Auto Infos : Quels sont les axes de développements à venir ?

Alexandre Borgoltz : Au printemps 2023, nous lancerons de nouveaux produits avec de nouveaux services agrégés à la borne avec une meilleure exploitation de la connectivité. D’une manière générale, je pense que le marché va revenir de la course à la puissance, car 100 ou 150 kW suffisent le plus souvent pour l’acheteur, en termes de budget, comme pour l’utilisateur final qui peut récupérer 300 km d’autonomie en 20 minutes. En outre, trop de puissance vient renchérir le coût des véhicules qui peuvent devenir inaccessibles pour de nombreux acheteurs potentiels.

Auto Infos : Jugez-vous positivement l’écosystème de l’électromobilité en France et le soutien de l’État ?

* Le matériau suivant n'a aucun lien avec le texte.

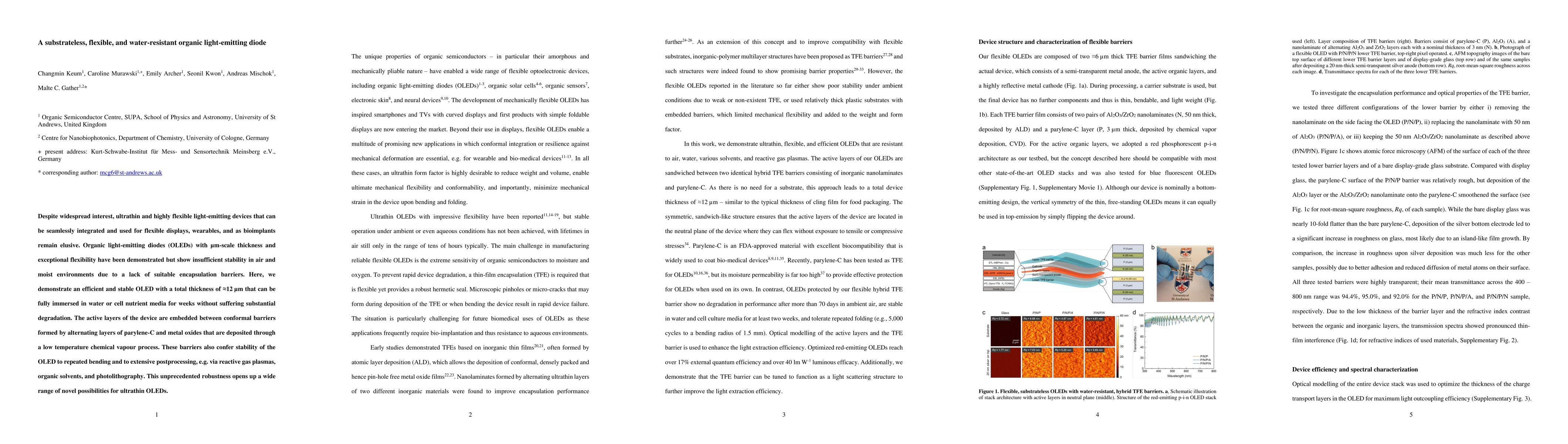 This paper presents an ultrathin, flexible, and water-resistant organic light-emitting diode (OLED) with a total thickness of approximately 12 µm, protected by conformal barriers of parylene-C and metal oxides. The device maintains stability in water and various harsh environments, enabling potential applications in flexible displays, wearables, and bioimplants.
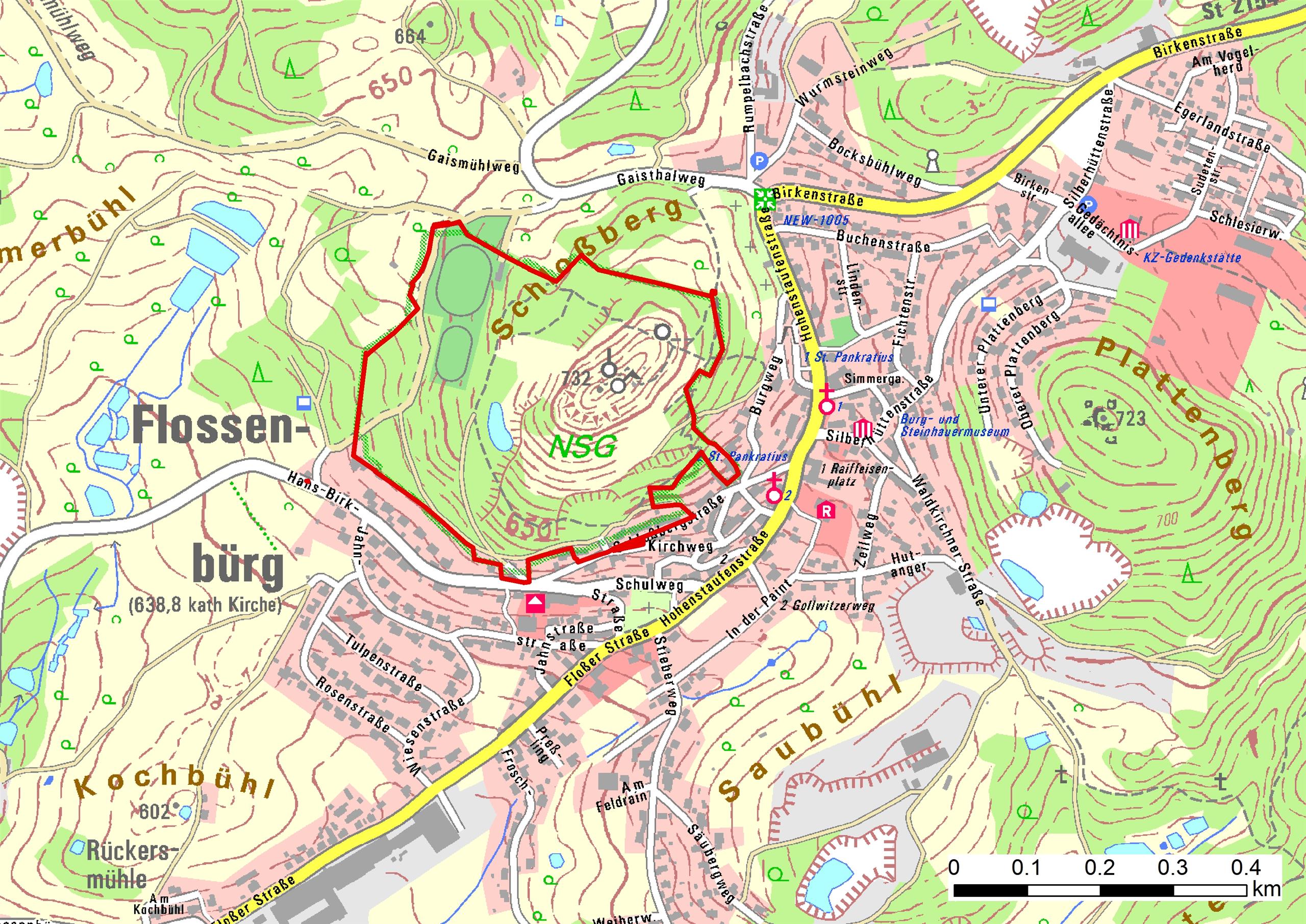 732 metrů vysoký kopulovitý kopec ze žuly s překrásně položenou zříceninou hradu představuje v přírodní oblasti Hornofalckého lesa geologickou zvláštnost. Vrstvení v podobě cibulové slupky se táhne kolem celého kopce a na některých místech je dobře patrné. Tyto vrstvy vznikly v důsledku změny tlaku a napětí při výzdvihu a odnosu horniny. V přírodní rezervaci Schlossberg Flossenbürg došlo k plošnému odlupování, a vytvořila se tak kopule. V minulosti měl Schlossberg velký význam pro těžbu žuly, díky čemuž Schlossberg získal svůj jedinečný tvar a došlo k jeho odkrytí. Zdaleka viditelná zřícenina hradu, jejíž historie sahá do počátku 12. století, je symbolem přírodního parku Hornofalcký les. Díky opatřením péče o krajinu v přírodním parku zde zůstávají viditelné výchozy, které umožňují nahlédnout do vnitřní struktury hory. Díky své zvláštní geologické situaci poskytuje tato oblast útočiště vzácným druhům živočichů a rostlin.
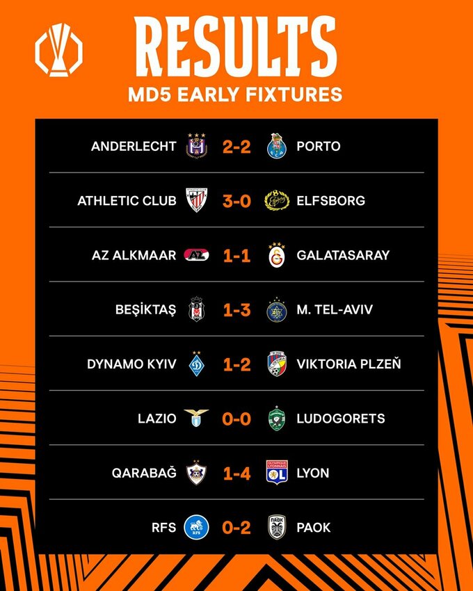 Вечером 28 ноября проходят поединки 5-го тура Лиги Европы.
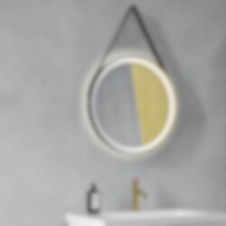 Ramen är gjord i solid aluminium som lackerats svart på utsidan och guld på insidan. Remmen är i konstläder för att tåla en utsatt badrumsmiljö på bästa sätt.
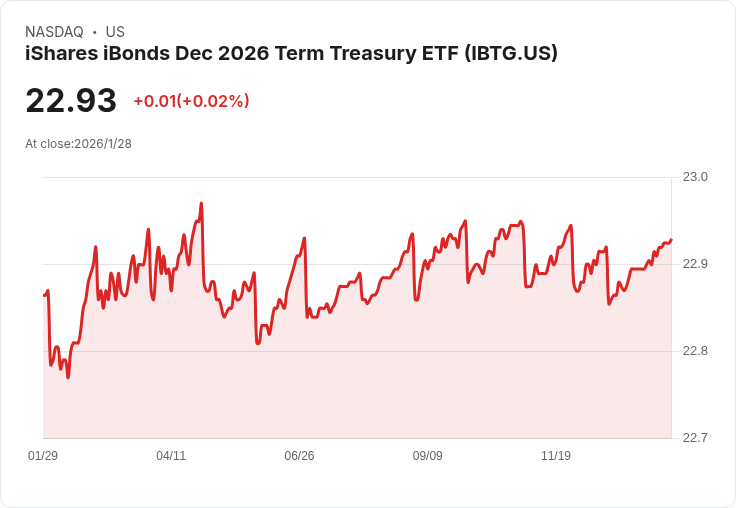 根據2026年1月15日的SEC檔案,Trinity Wealth Management, LLC 在iShares Trust - iShares iBonds Dec 2026 Term Treasury ETF(NASDAQ:IBTG)中增加了222,998股的持倉,估計交易價值約為510萬美元。這次增持使得IBTG佔基金13F AUM的2.18%。該ETF專注於2026年到期的美國國債,提供可預測的收入和本金回報,適合希望獲得低信用風險的投資者。

Alexandre Borgoltz : Il y a des aides, c’est vrai, mais en France, il ne faut pas oublier qu’il y a aussi des taxes ! La question des infrastructures se pose aussi et nous parviendrons à l’objectif des 100 000 bornes avec dix-huit mois de retard, même si Bercy a repris une démarche volontaire sur les financements. Nous devons simplement prendre garde à ne pas financer des projets qui ont très peu de valeur située en France. C’est parfois un mal français et l’épisode récent des équipements photovoltaïques est là pour nous le rappeler et inciter à la vigilance.

Vue de la station inaugurée fin 2022 au Lidl de Tourcoing.